Sunday, July 18, 2004
 
This is a bit of a gamble.

I know, I've had pictures on the site for ages now, but they've always been hosted by my brother, or Fotango, or just nabbed from somewhere. But actually hosting it on Blogger itself... I hope this works.

It isn't that hard really, aside from the fact that I don't like the way it looks when posted from Hello to my Bloggerbot. So, rather than the new way, I'm going for a more complicated option. Post, find the address of the picture, and then edit the post in a more conventional fashion.

In the long term the answer may simply be to start a third blog - a photo blog that can host all my shots. The way forward, I suspect.

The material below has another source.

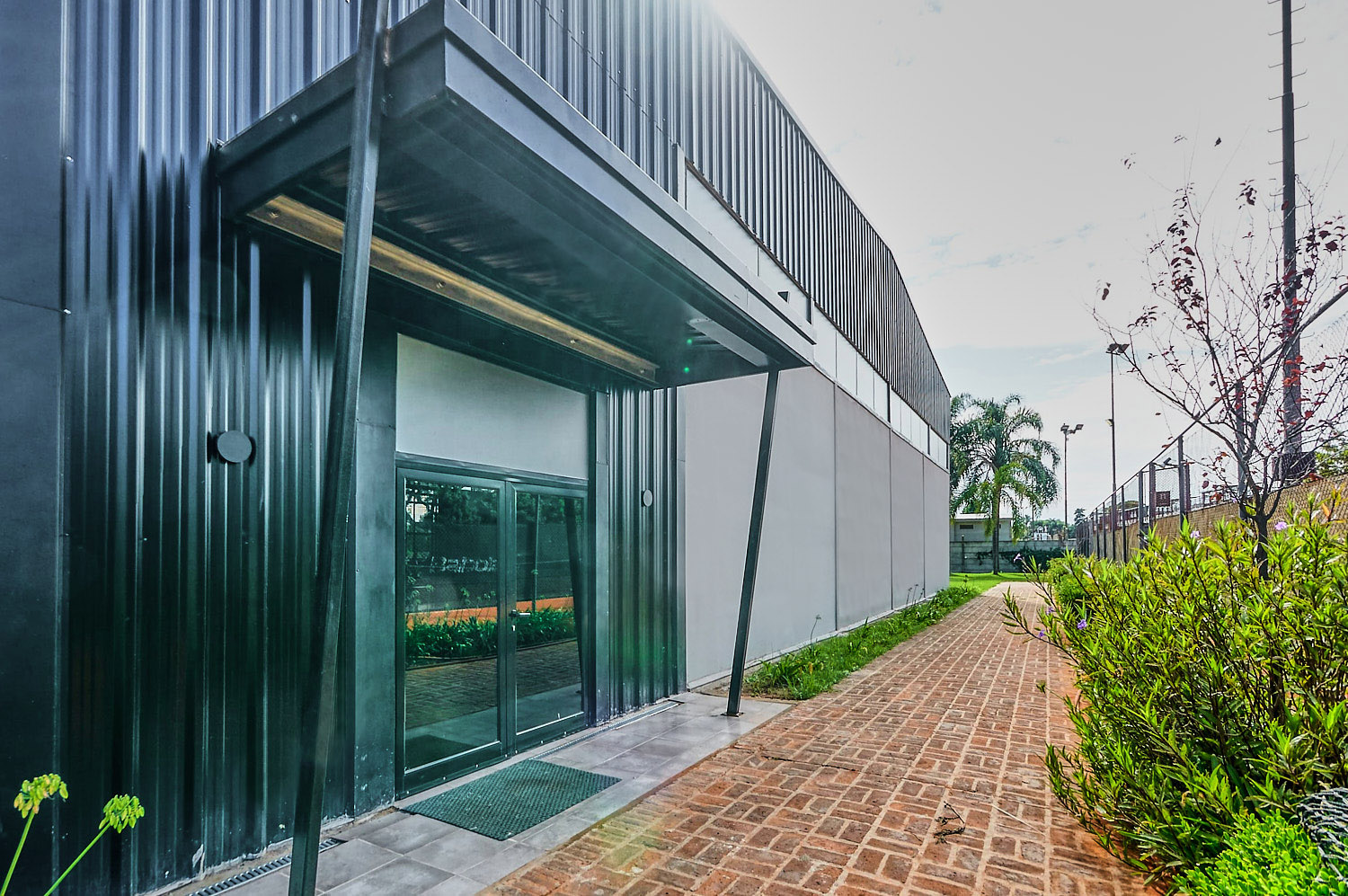 Descripción del proyecto: Edificio de uso deportivo con estructura metálica. Fuimos convocados para realizar el cierre del complejo y conformar, en conjunto con la cubierta, un sistema autoportante que permitiera tener grandes avenimientos. 650 m2 y 62 días de ejecución de obra.

Anyway, this is my belated birthday card from my brother and his son. Why so late? Well, Liam mailed me a couple of weeks ago, saying 'Just found your card sealed and addressed but unstamped and unposted under a pile of stuff on my desk. It went off this afternoon with my bills - also late.'

Fair enough so. It's well worth the wait, I suspect you'll agree, drawn as it is by my nephew. A fine gag, with surreal speech balloons, having nothing whatsoever to do with birthdays.

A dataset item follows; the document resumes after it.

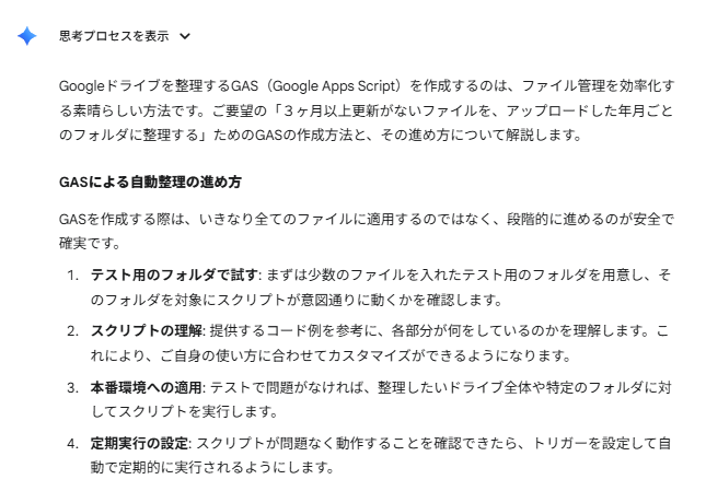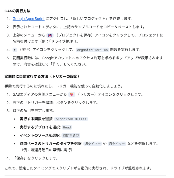 このようにフォルダ整理の進め方や注意点、GASコードの作成・実行方法まで、私の補足いらずで全て教えてくれます。(笑)あとは指示通り設定していくだけですが万が一、設定したあとにコードがエラーになったときはエラーの内容を生成AI教えてあげるとエラーの原因や解決策もおしえてくれます。

And who are those two lads? They're not normal, that's all I can say. Neil was perusing it the other day and was deeply taken with them. 'They're obviously a bit mad,' he said.

I want to know more.

My kind of card.




Saturday, July 17, 2004
 
A few days back, I received a very nice link to my post on the farcical 'Da Vinci Code'. The link, by one Phil Ledgerwood, recommended people to read my critique of Brown's book but warned them about my site. 'Watch out Mozilla/Firefox (and presumably, Netscape) users,' he said, 'you’ll probably need to scroll to the right to see the actual post.'

This reminded me of an email from the brother a few weeks ago, who said
'Speaking of your margin - I'm presently using Firefox browser instead of Internet Explorer... and your margin fills my screen in it - it's over a
thousand pixels wide. Now only about 1% of all internet users are seeing this, but if more of the 95% that use IE switch like I did - primarily for security reasons - then your site becomes almost unreadable to a lot of people. Had a quick look at the HTML and I imagine it's part of the template and not anything you've hardcoded.'
And now it looks like Liam's prediction is being borne out by a distinct - albeit tiny - drop in the percentage of people using Internet Explorer. Begun, the Browser Wars have, as Yoda might say.

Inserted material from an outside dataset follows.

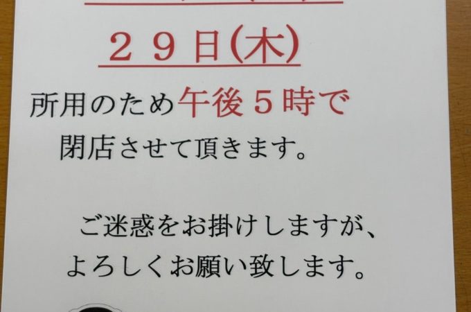 16日と29日は午後5時までの営業です。 よろしくお願いします。
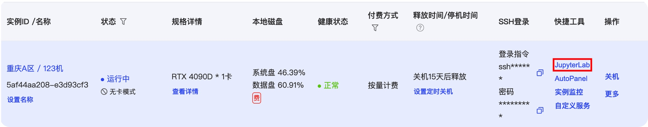 我训练的时候由于存储微调后的模型文件需要转存成不同量化的版本,所以扩容了50G,一天只需要不到0.4元。创建实例开机后,就可以开始配置了。

The point being, does anyone have any ideas what I can do to control my margin? I would have thought that limiting its width to 160 in my template ought to have been enough. Any advice would be much appreciated.




Friday, July 16, 2004
 
The other half is away at the minute, tramping about the continent in a mildy backpackerish kind of way. Whenever we chat on the phone I wind up oddly jealous. Well, not jealous, but certainly envious, in a way. I guess I'm getting itchy feet. I haven't done any travelling in three years now - visits to Sandra in Brussels or Heinrich in Frankfurt hardly count - and really miss it.
 
That's not surprising really, considering how my summers used to be spent travelling. Prior to 1996 I'd only once been further away than London - I'd gone on a school trip to Brussels and the Rhine Valley back in in 1991.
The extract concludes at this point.